Much was made in the early 1990s of the apparent correspondence between the neutral gas mass traced by DLAs at high redshift (OmegaDLA h appeq 1.2 × 10-3, when expressed as a fraction of the critical density) and today's luminous stellar mass, leading to suggestions that the former are the material out of which the latter formed (e.g. Lanzetta 1993). However, the apparent decrease in OmegaDLA from z = 3 to 0, upon which this picture was based, has not been confirmed with more recent and more extensive samples (Pettini 2001). As can be seen from Figure 4, current data are consistent with an approximately constant value OmegaDLA over most of the Hubble time, and this includes the most recent estimates of OmegaH I in the local universe from 21cm surveys (Rosenberg & Schneider 2002; not shown in Figure 4).
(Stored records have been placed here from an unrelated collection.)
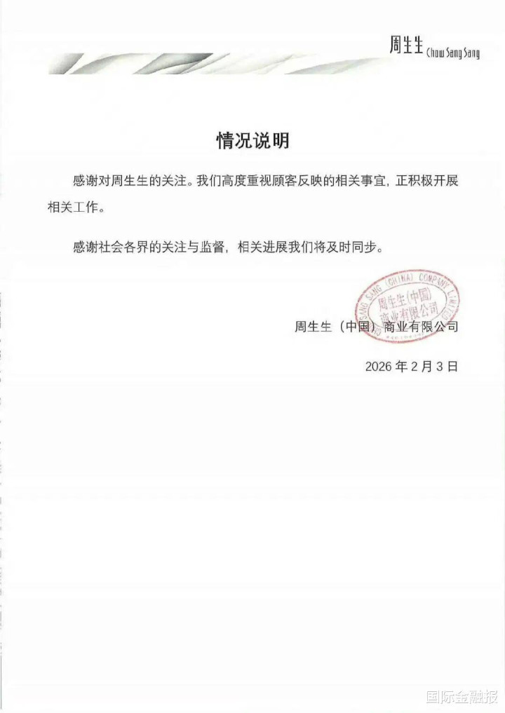 随着舆论持续升温,周生生通过官方微博发布了情况说明,但其中并未明确提及出现上述问题的具体原因。记者也致电周生生官方客服询问调查进展,但未有更多信息可以透露。
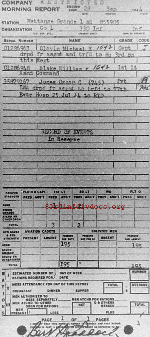 | 1944-09-28 | 1LT | Assumed command as of September 28, 1944 | 1542 | L / 330 | view page |
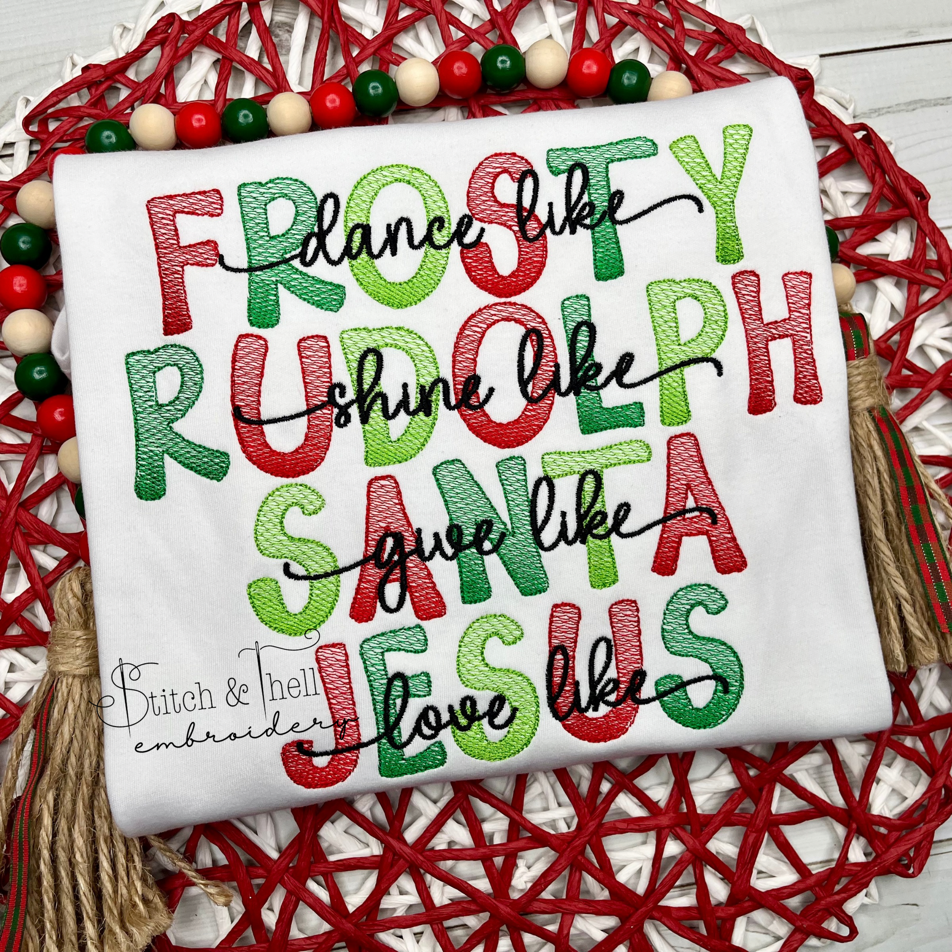 Wrap yourself in the spirit of the season with this cozy sweatshirt that captures everything worth celebrating. Dance with the joy of Frosty, shine with Rudolph's brilliance, give with Santa's generosity, and love with the heart of Jesus. Four timeless reminders woven into one comfortable piece. Embrace all the reasons to rejoice with your choice of shirt or sweatshirt.

Perhaps DLAs pick out a particular stage in the evolution of galaxies, when their dimensions in high surface density of neutral gas are largest, and it may be the case that different populations of galaxies pass through this stage at different cosmic epochs.

Figure 4

Figure 4. Recent estimates of the mass density of neutral gas traced by damped Lyalpha systems, expressed as a fraction of the critical density. The filled squares are from Rao & Turnshek (2000); the open circles from Storrie-Lombardi & Wolfe (2000) and from Péroux et al. (2002); while the filled circle is from the CORALS survey by Ellison et al. (2001).